Но в последние годы Рабис там не был и не знает, чем кончилась эта история.
Башкирские истории
Несколько лет назад, узнав, что я занимаюсь сбором материала по неизвестному в науке существу, Рабис рассказал мне два невероятных случая, с которыми ему пришлось столкнуться в жизни. Но, узнав, что я это все записываю, наотрез отказался повторить свой рассказ. И вот 9 мая 1986 года, при очередной встрече у родственников, я вновь прошу его рассказать...
Рабис уверяет меня, что мне совершенно нечего делать, а поэтому я и занимаюсь всякой ерундой, которая ничего не стоит. Советует заняться более полезным делом, например, вязанием или хотя бы вышиванием. Упрекает меня в том, что за все годы, что я занимаюсь какой-то «писаниной», ни он, ни его родственники не прочитали ни единой строки, где-либо напечатанной. А поэтому, как человек практичный, по-родственному советует мне бросить всю эту ерунду, не приносящую мне дохода.

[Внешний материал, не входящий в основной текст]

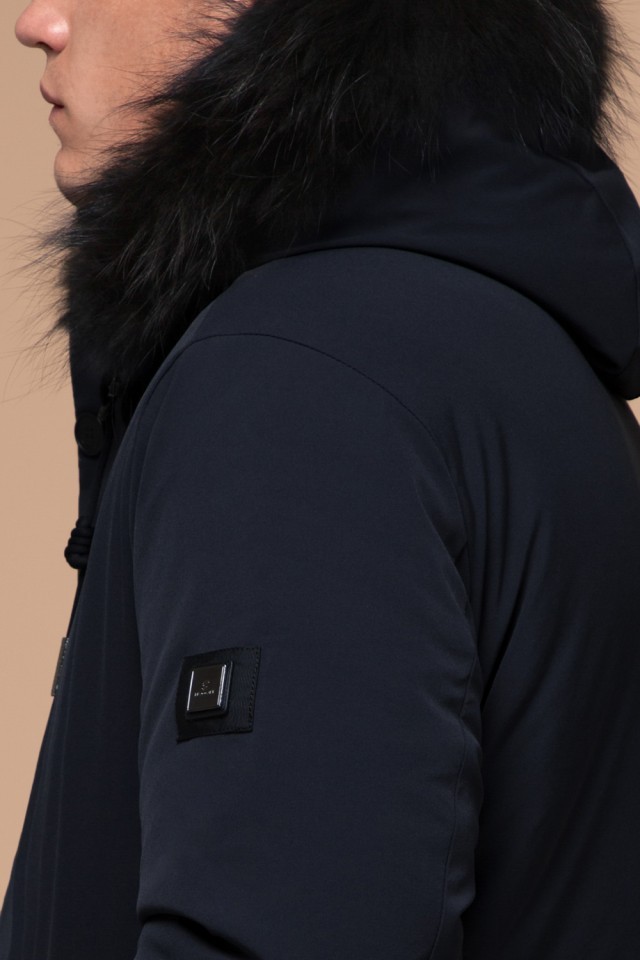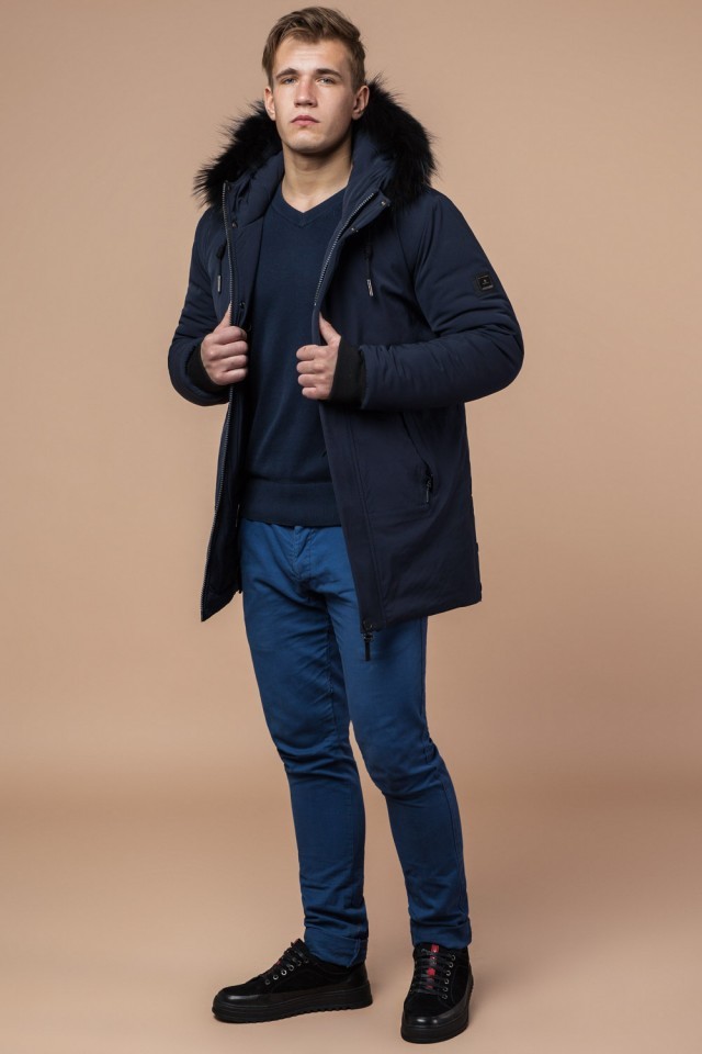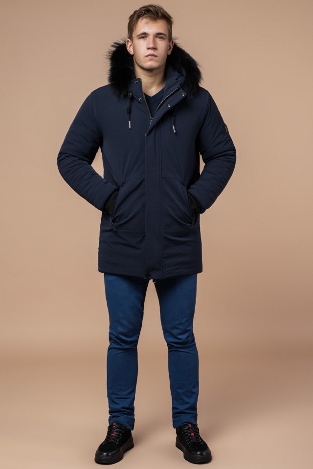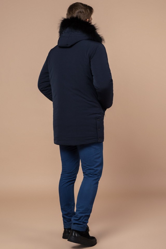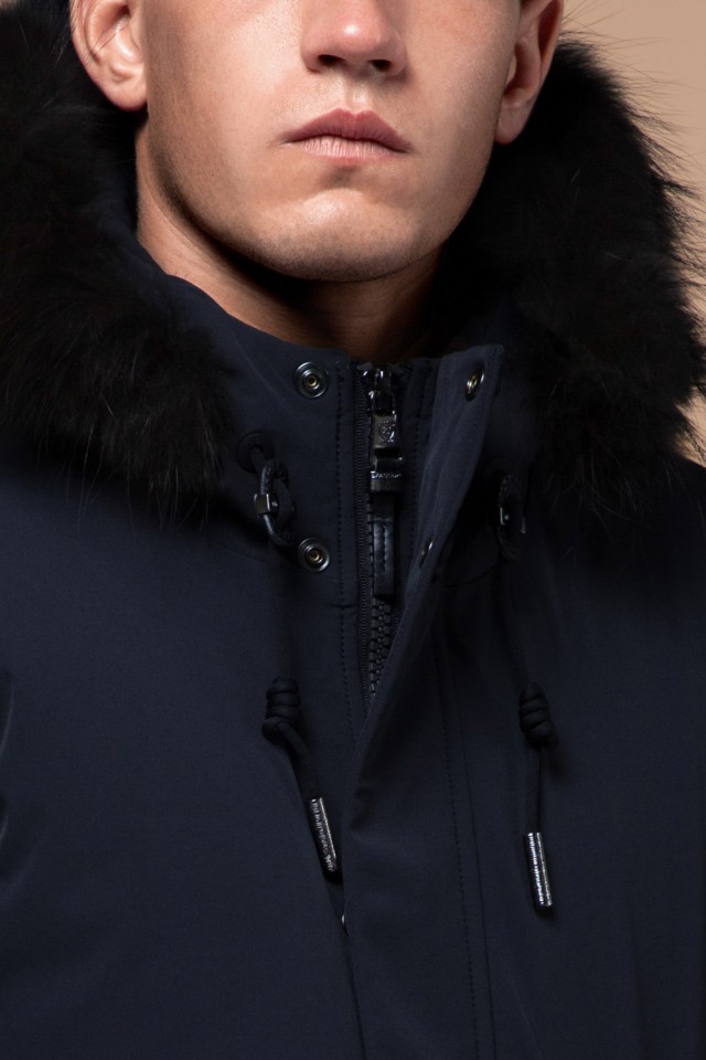 Парка мужская темно-синяя зимняя с меховой опушкой модель 9255

И вот что он все-таки рассказал.
...Шел 1949 или 1950 год. Старший брат Рабиса работал в колхозе деревни Кизганово. Работа его заключалась в том, что он ежедневно ездил в районный центр и привозил оттуда керосин, так необходимый по тому времени в деревне. Дорога туда и обратно была очень долгая и трудная. Брат приезжал уставший, с мокрыми обледенелыми портянками. Обязанность Рабиса заключалась в том, что он утром приводил лошадей с конного двора, а вечером уводил туда же. Конный двор находился от деревни примерно в двух километрах.
(Дальше повествование от первого лица. — O.K.)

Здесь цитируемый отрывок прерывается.